Cada participante pode criar um perfil livremente, sendo real – com informações verdadeiras sobre idade, características e preferências – ou fake mesmo, com fotos de um amigo e mentirinhas mais amenas, como ter uma idade diferente, estado civil ou profissão. “A gente acha que não vai se surpreender, por estar acostumado à comunicação nas redes, mas o jogo nos leva a interagir com pessoas que não temos certeza que são reais”, comenta o participante.
É claro que criar um fake tem seus riscos. A chance de alguém parecer artificial pode diminuir as oportunidades de conquistar os demais competidores, mesmo assim, não deixa de ser saboroso enganar concorrentes e trazê-los para o seu lado da força. Fakes que possuem um gênero diverso do participante são os mais vulneráveis. Em um dos episódios, um jogador criou um perfil feminino que logo foi questionado pela maneira “forçada” com que conversava.
Se o conflito pode alimentar a trama para quem está assistindo neste lado do confinamento, entre os participantes é perigoso estar muito na ofensiva. Pela lógica, quem tem o poder de garantir sua permanência na disputa está há poucos metros, no apartamento de baixo ou de cima. Por isso, The Circle Brazil mantém um clima amistoso que foge das brigas e baixarias de outros formatos de reality mais populares no País. Não se ganha nada no grito, mas na capacidade de formar – e manter – aliados, e se divertir.
Mas, como todo reality, a disputa também se faz no ruído. Na plataforma Circle, é possível criar grupo fechados, conversas privadas, além das coletivas. É uma forma interessante de ver o comportamento mais “público”, em chats com todos os competidores, e como os segredos são contados nas conversas com apenas dois jogadores.
Em um dos episódios, esse embate se mostra quando uma participante recebe uma surpresa de um dos jogadores. Quando questionada pelo coletivo, a moça nega que foi a contemplada. Por um tempo, fica a impressão de que alguém está mentindo para todo mundo. A derrocada da participante começa quando o jogador que a presenteou passa a informação para outro competidor. Ao final de cada etapa, cada participante deve eleger os seus preferidos, do primeiro ao último lugar. Os dois melhores colocados têm a justa missão de bloquear alguém do jogo. Não deixa de ser um fim virtual, já que o eliminado terá a chance de visitar o apartamento de qualquer um dos outros jogadores.
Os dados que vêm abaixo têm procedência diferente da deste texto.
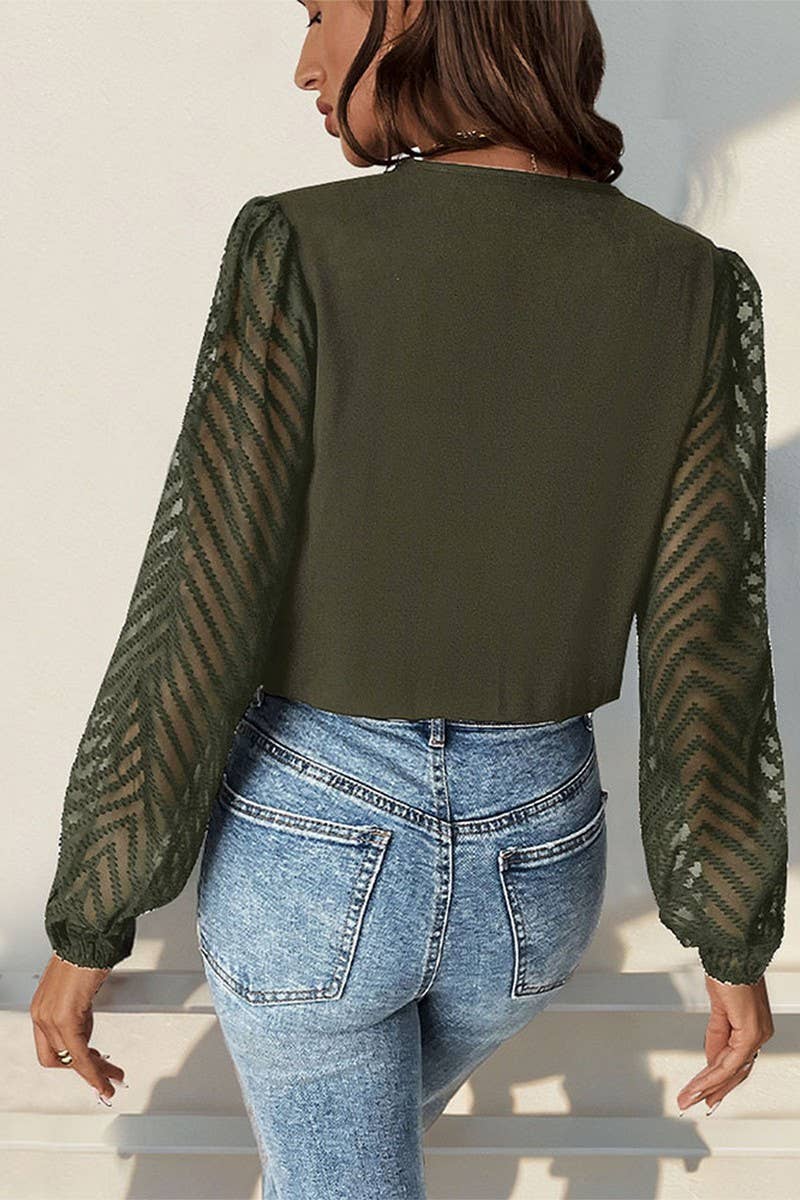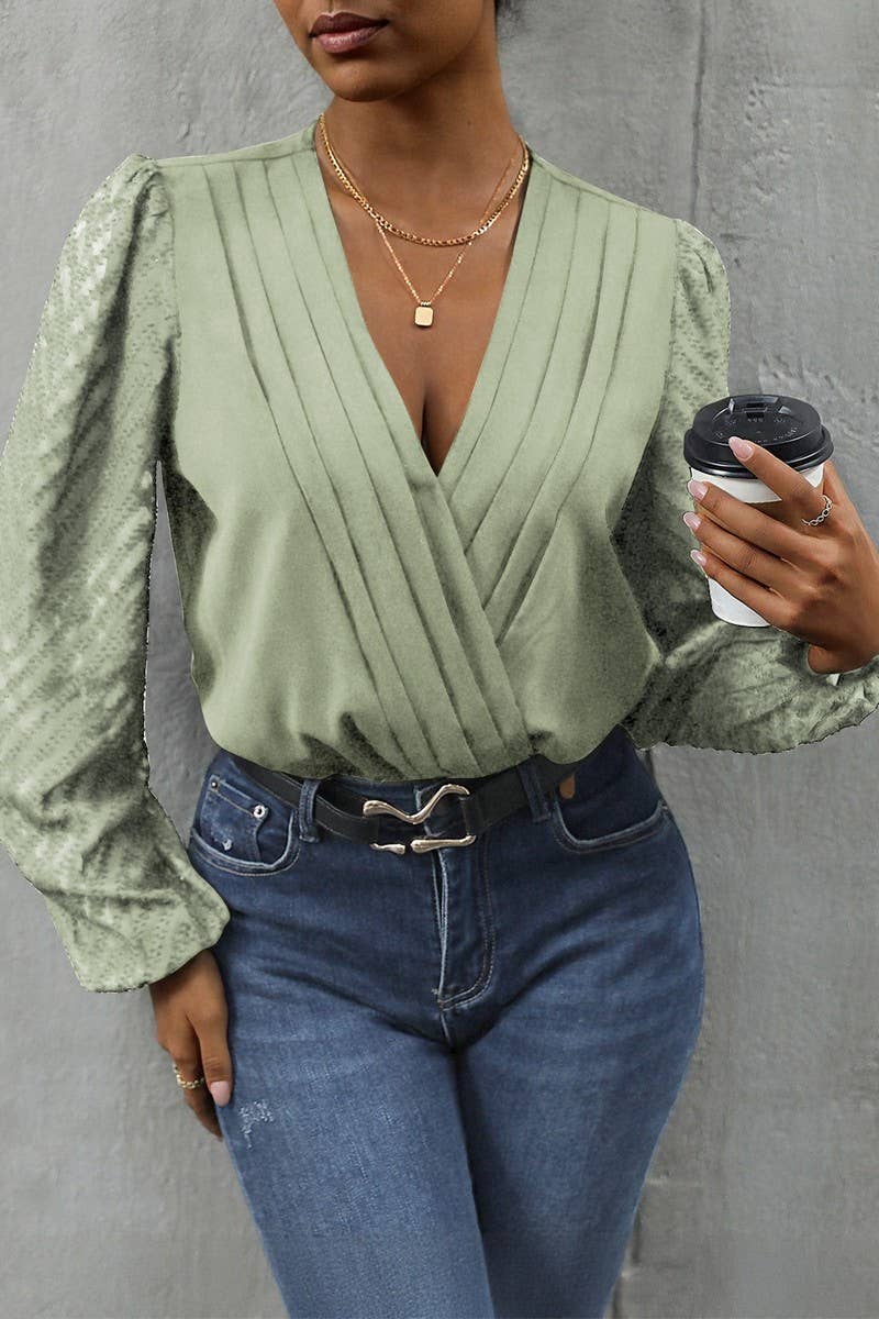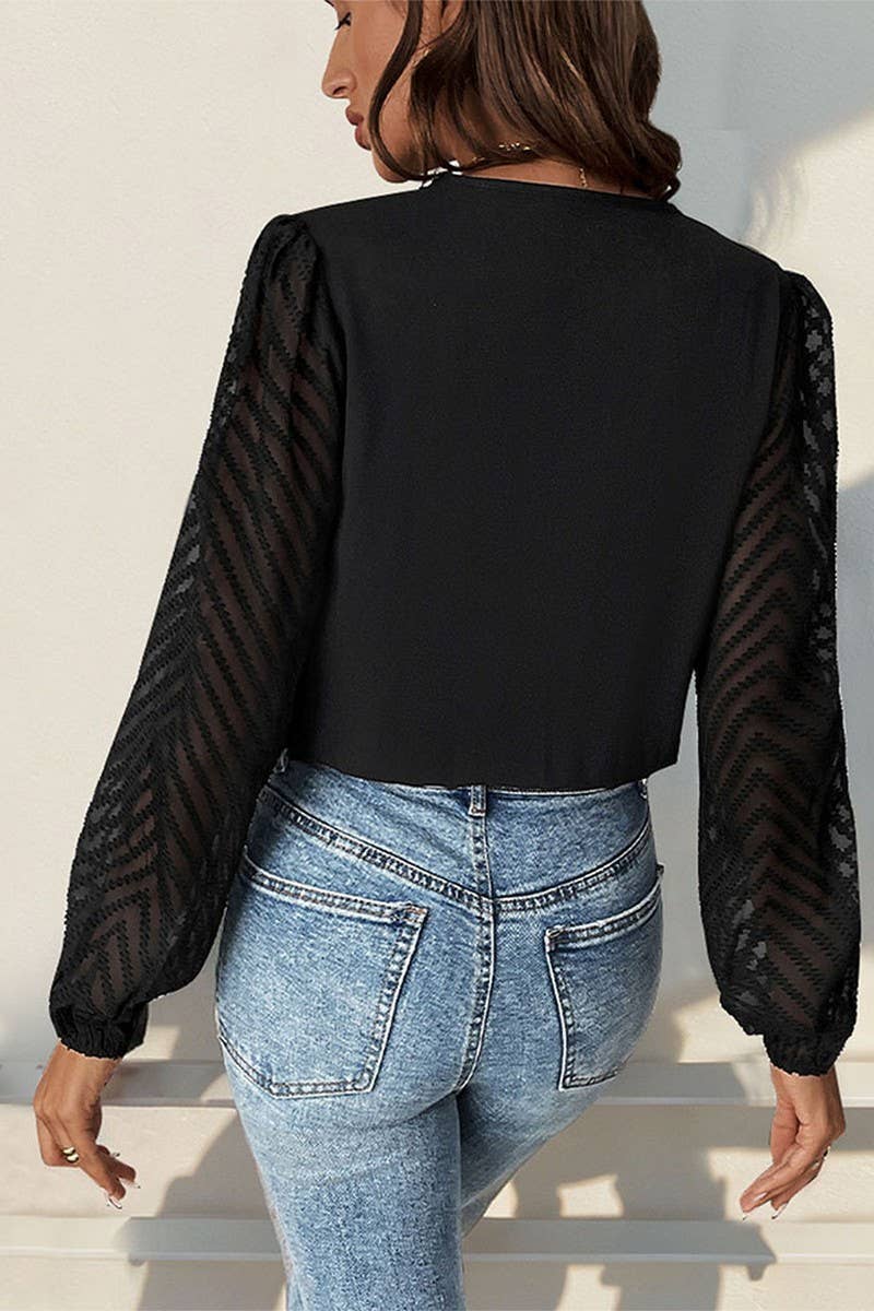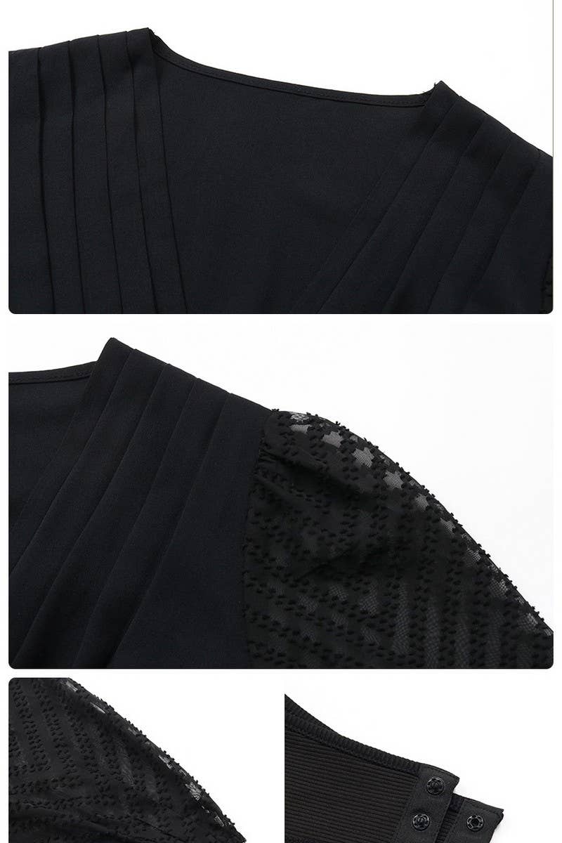 SOLID V-NECK RUFFLE LACE SHEER BODYSUIT 5% ELASTANE, 95% POLYESTER SIZES : S,M,L,XL MADE IN CHINA

Com uma estreia em boa hora, a versão brasileira de The Circle demonstra que o confinamento pode ser preenchido com boas doses de entretenimento offline. Dos livros de pintar ao trabalho manual, o tempo é ocupado de maneira relaxante. Festas temáticas, mesmo que individuais, podem ajudar na descontração.
Depois da competição, Dumaresq se mudou de Natal para São Paulo. “Agora estamos todos aqui, e eu confinado novamente. A diferença é que agora ninguém está concorrendo a R$ 300 mil.”
As informações são do jornal O Estado de S. Paulo.